**Provided records:**
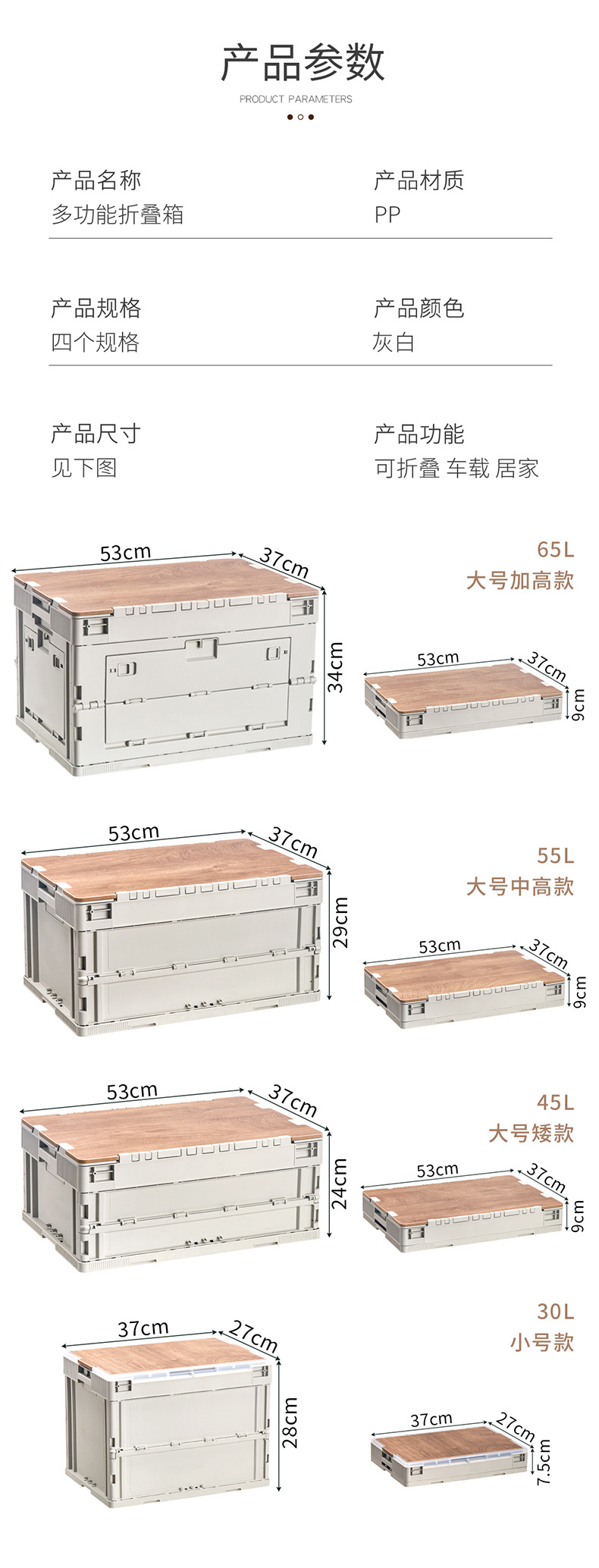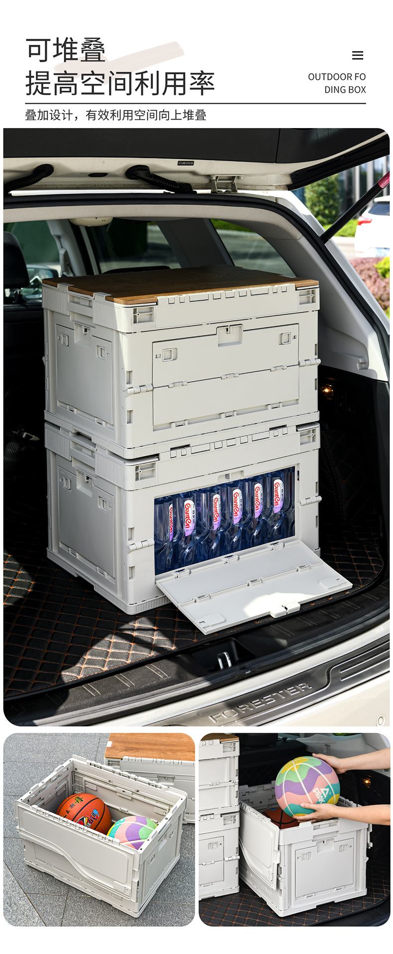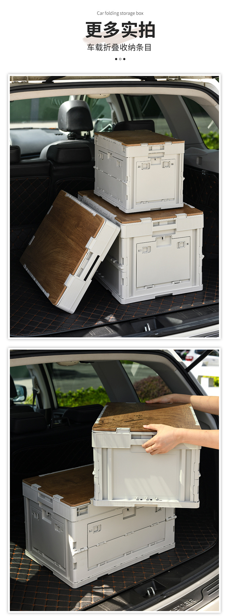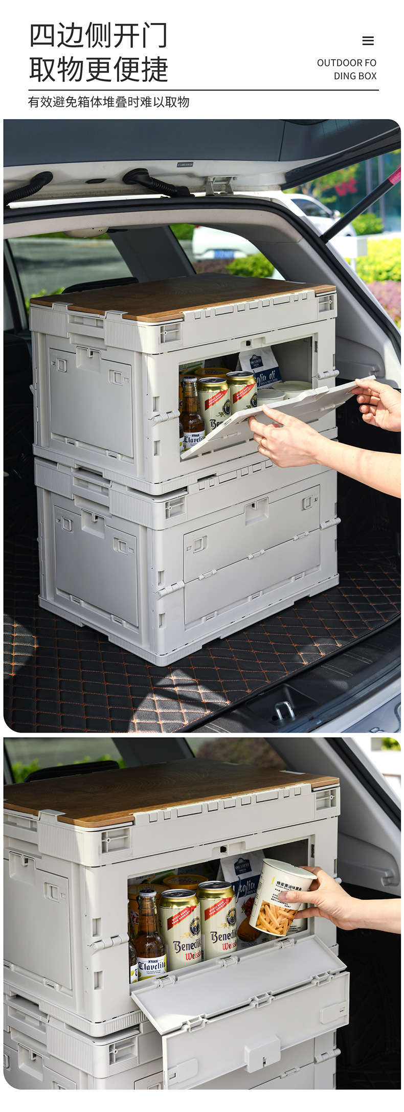 야외 캠핑 보관 상자 접이식 상자 캠핑 마감 상자 자동차 트렁크 보관 상자 나무 뚜껑 피크닉 보관 상자
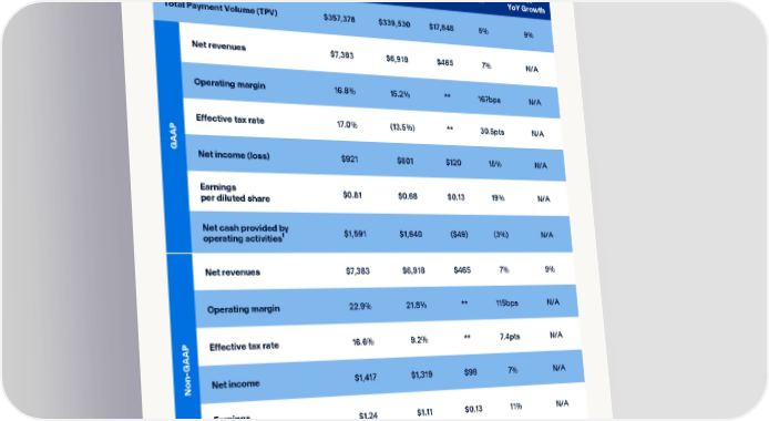 Q4'22 Financial and Operating Highlights FXN Presented in millions, except per share data and Q4 2022 Q4 2021 YoY Growth percentages YoY Growth Total Payment Volume (TPV) $357,378 $339,530 $17,848 5% 9% Net revenues $7,383 $6,918 $465 7% N/A Operating margin 16.8% 15.2% ** 167bps N/A Effective tax rate 17.0% (13.5%) ** 30.5pts N/A P A A G Net income (loss) $921 $801 $120 15% N/A Earnings $0.81 $0.68 $0.13 19% N/A per diluted share Net cash provided by $1,591 $1,640 ($49) (3%) N/A 1 operating activities Net revenues $7,383 $6,918 $465 7% 9% Operating margin 22.9% 21.8% ** 115bps N/A P Effective tax rate 16.6% 9.2% ** 7.4pts N/A A A G - n o Net income $1,417 $1,319 $98 7% N/A N Earnings $1.24 $1.11 $0.13 11% N/A per diluted share 1 Free cash flow $1,433 $1,427 $6 —% N/A 1. Beginning with the fourth quarter of 2022, we reclassified certain cash flows related to our collateral security arrangements for derivative instruments from cash flows from operating activities to cash flows from investing activities and cash flows from financing activities within Q4 & FY 2022 Results 5 the condensed consolidated statements of cash flows. See the section titled “Cash Flow Reclassification” for further details. ** Not meaningful
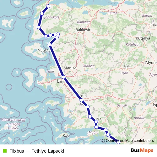 The first stop of the Flixbus bus route is Fethiye, Fethiye bus station and the last stop is Lapseki, Lapseki bus station. Flixbus (Fethiye-Lapseki) is operational during everyday.
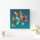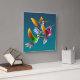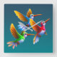 AI generated artwork of colourful, pastel-hued hummingbirds in flight on an ocean blue background.
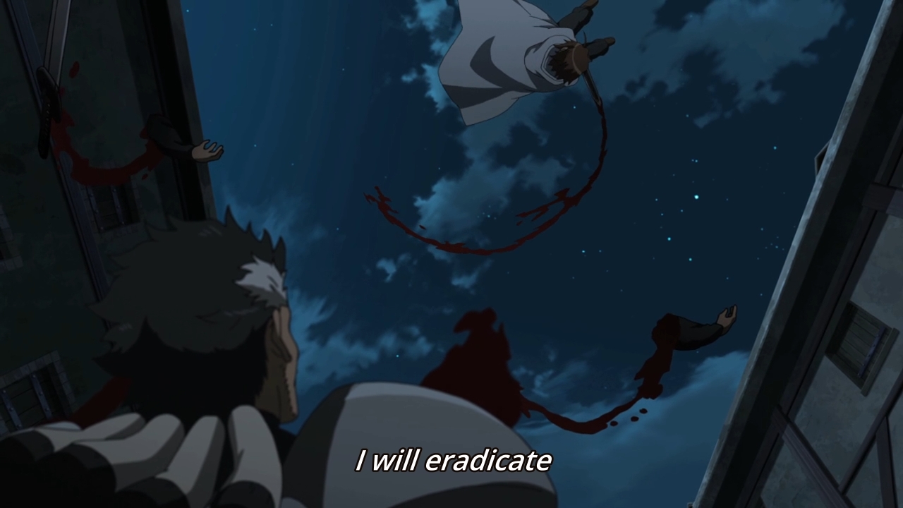 — So the fight between our hero and his target is underway, but they fucking talk too much. The Ogre is just going on and on about how he’s going to target Tatsumi’s client. And sure enough, all that talking enrages our hero. As a result, Tatsumi hacks the Ogre’s arms off, then twirls in midair in slow motion as he pontificates on the nature of these evil, evil people. It’s so fucking ridiculous. But hey, hacked limbs and gallons of blood everywhere!

**Required work:**
What is needed is an exact copy of the lines from the line with "AI generated artwork" to the end of the data above, both included, without any pictures.

**Solution for this task:**
 AI generated artwork of colourful, pastel-hued hummingbirds in flight on an ocean blue background.
 — So the fight between our hero and his target is underway, but they fucking talk too much. The Ogre is just going on and on about how he’s going to target Tatsumi’s client. And sure enough, all that talking enrages our hero. As a result, Tatsumi hacks the Ogre’s arms off, then twirls in midair in slow motion as he pontificates on the nature of these evil, evil people. It’s so fucking ridiculous. But hey, hacked limbs and gallons of blood everywhere!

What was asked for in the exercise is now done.